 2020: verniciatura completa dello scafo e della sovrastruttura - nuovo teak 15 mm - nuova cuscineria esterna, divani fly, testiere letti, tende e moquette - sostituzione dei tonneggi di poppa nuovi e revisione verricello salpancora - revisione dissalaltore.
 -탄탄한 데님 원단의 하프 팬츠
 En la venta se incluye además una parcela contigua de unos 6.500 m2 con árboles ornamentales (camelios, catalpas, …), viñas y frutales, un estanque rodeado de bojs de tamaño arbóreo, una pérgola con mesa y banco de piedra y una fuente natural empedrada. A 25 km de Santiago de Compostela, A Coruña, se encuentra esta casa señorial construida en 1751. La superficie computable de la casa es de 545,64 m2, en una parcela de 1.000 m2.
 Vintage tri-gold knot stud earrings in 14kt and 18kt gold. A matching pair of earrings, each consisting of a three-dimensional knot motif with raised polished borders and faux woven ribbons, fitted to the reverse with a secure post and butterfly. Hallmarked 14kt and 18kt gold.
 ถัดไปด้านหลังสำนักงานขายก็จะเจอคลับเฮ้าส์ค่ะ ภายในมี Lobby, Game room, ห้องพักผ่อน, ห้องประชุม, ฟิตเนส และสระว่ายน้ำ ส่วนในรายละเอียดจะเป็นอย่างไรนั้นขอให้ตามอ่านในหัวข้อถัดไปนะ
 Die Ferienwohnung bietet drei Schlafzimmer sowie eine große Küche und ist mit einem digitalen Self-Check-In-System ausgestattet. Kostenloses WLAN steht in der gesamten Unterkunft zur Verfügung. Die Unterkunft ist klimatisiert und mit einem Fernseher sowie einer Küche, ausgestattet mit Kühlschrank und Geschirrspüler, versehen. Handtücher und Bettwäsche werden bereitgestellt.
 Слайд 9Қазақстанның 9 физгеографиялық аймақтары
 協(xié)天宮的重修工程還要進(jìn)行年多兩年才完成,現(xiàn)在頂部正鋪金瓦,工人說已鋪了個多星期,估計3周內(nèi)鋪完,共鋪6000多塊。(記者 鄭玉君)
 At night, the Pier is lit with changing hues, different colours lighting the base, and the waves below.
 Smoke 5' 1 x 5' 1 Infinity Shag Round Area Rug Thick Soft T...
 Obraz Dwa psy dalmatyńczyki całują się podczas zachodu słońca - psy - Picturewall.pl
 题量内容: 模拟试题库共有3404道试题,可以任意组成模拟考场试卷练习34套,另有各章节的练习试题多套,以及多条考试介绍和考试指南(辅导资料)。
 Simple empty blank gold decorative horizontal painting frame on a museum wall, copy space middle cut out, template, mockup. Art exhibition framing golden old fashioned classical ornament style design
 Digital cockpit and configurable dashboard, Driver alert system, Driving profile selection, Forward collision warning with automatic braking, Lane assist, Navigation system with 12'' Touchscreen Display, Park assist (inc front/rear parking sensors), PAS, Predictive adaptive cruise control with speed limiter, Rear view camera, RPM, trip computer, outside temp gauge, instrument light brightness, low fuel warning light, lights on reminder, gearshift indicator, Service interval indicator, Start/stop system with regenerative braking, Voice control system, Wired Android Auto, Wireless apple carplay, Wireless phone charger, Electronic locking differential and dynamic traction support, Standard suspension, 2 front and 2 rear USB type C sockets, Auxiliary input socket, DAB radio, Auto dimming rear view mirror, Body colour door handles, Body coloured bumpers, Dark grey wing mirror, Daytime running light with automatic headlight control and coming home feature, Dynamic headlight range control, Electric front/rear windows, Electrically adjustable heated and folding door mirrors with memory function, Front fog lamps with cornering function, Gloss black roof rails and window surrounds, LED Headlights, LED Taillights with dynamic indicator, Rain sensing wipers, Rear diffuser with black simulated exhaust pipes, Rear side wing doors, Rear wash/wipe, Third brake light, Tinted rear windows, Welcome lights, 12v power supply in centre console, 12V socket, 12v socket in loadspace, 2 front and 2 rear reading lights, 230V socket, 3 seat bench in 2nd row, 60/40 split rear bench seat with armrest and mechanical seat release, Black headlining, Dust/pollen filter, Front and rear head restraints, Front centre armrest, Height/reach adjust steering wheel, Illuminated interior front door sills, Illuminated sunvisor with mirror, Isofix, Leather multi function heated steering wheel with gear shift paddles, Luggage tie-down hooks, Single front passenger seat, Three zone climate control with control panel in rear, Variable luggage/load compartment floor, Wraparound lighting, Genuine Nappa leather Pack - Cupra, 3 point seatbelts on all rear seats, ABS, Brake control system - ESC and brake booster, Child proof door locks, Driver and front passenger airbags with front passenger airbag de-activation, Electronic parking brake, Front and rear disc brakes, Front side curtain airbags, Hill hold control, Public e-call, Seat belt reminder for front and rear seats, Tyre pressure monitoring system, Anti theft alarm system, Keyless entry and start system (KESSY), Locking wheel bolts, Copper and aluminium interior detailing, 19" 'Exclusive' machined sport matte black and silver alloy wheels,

================

* **Your goal**:
Copy the entries above exactly, but only from the line holding "At night, the" through the line holding "Obraz Dwa psy", both included.

* **Your solution**:
 At night, the Pier is lit with changing hues, different colours lighting the base, and the waves below.
 Smoke 5' 1 x 5' 1 Infinity Shag Round Area Rug Thick Soft T...
 Obraz Dwa psy dalmatyńczyki całują się podczas zachodu słońca - psy - Picturewall.pl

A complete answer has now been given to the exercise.